All relevant online files (play series, trash series, and output/screenshot series) will use this log name to differentiate. Change them simultaneously.

### Agent
#### Base
```yml
agent:
    actor:
        debug: 0
        verbose: 1
        number: 1
    critic:
        mode: false
        debug: 0
        verbose: 1
    judge:
        mode: false
        debug: 0
        verbose: 1
```

All roles have a `debug` key. When `debug==1`, it plays and you decide whether to take its action. When `debug==2`, you will have to generate the action yourself. The actor is always playing so there's no `mode` key for it.

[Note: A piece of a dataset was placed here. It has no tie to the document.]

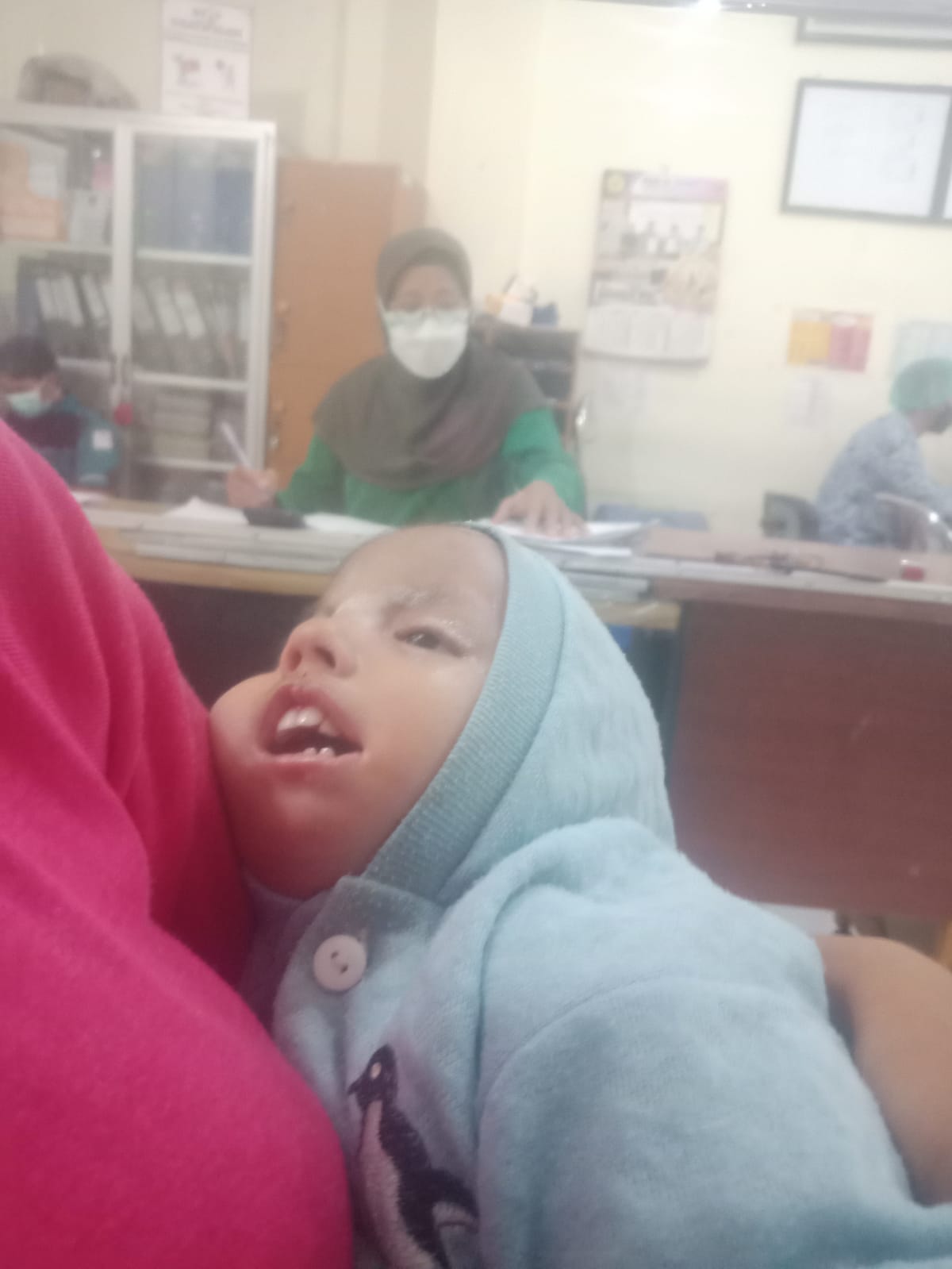 Dari kemarin Anisa mengalami demam kejang, namun tidak lama. Kepalanya menghitam, tapi alhamdulillah berat badannya sudah mulai ada kemajuan, naik 7,5 kg.

For other roles, you can disable them by changing `mode` to false.

```yml
agent:
    actor:
        model: "gpt-4-turbo"
```

determines which model to use.

```yml
agent:
    actor:
        input: ["step", "objective", "previous plans", "interaction history", "current observation"]
```
arranges the input. The list element order matters here and this applies to all the following list input/output specifications.

```yml
agent:
    actor:
        interaction_history:
            verbose: True
            type: ["text"]
            step_num: 3
```
determines the interaction history section input type and modality. You can use `type: ["text", "image"]` to enable multimodality inputs.

```yml
agent:
    actor:
        current_observation:
            type: ["text"]
```
defines the current observation type.

```yml
agent:
    actor:
        output: ["interaction history summary", "observation description", "reason", "action", "observation highlight"]
```
organize the output specifications, and capable LLMs should generate those content, which would be parsed automatically by the code. You only need to add the description for that entry under `AgentOccam/prompts/output_specifications`.

```yml
agent:
    actor:
        planning_command: ["branch", "prune"]
        navigation_command: ["click", "type", "stop", "note", "go_back"]
```
defines the valid actions.

```yml
agent:
    actor:
        play: ["step", "objective", "previous plans", "observation description", "reason", "action"]
        trash: ["objective", "step", "url", "instruction", "online input", "response", "alter ego response"]
```
designates the broadcasting content.

#### Advanced
```yml
agent:
    actor:
        number: 1
```
If you use best-of-**N**-actions with judge, the `number` here defines the **N**.

```yml
agent:
    actor:
        identities:
            identity_0:
                name: "QA"
                model: "gpt-4-turbo"
                output: ["response"]
            identity_1:
                name: "planning"
                model: "gpt-4-turbo"
                planning_command: ["branch", "prune"]
                output: ["interaction history summary", "observation description", "reason", "plan", "observation highlight"]
            identity_2:
                name: "reflection"
                model: "gpt-4-turbo"
                planning_command: ["branch", "prune"]
                navigation_command: ["click", "type", "stop", "note", "go_back"]
                output: ["interaction history summary", "observation description", "reflection", "reason", "action", "observation highlight"]
```
defines different actors. If you don't want them, comment them.

## Environment
```yml
env:
    fullpage: true
    prune: true
```
If `fullpage==True`, the agent takes the entire page as the input. Remember to add `scroll` to the `navigation_action` list if `fullpage` is disabled.

If `prune==True`, the pipeline carries out observation space alignment.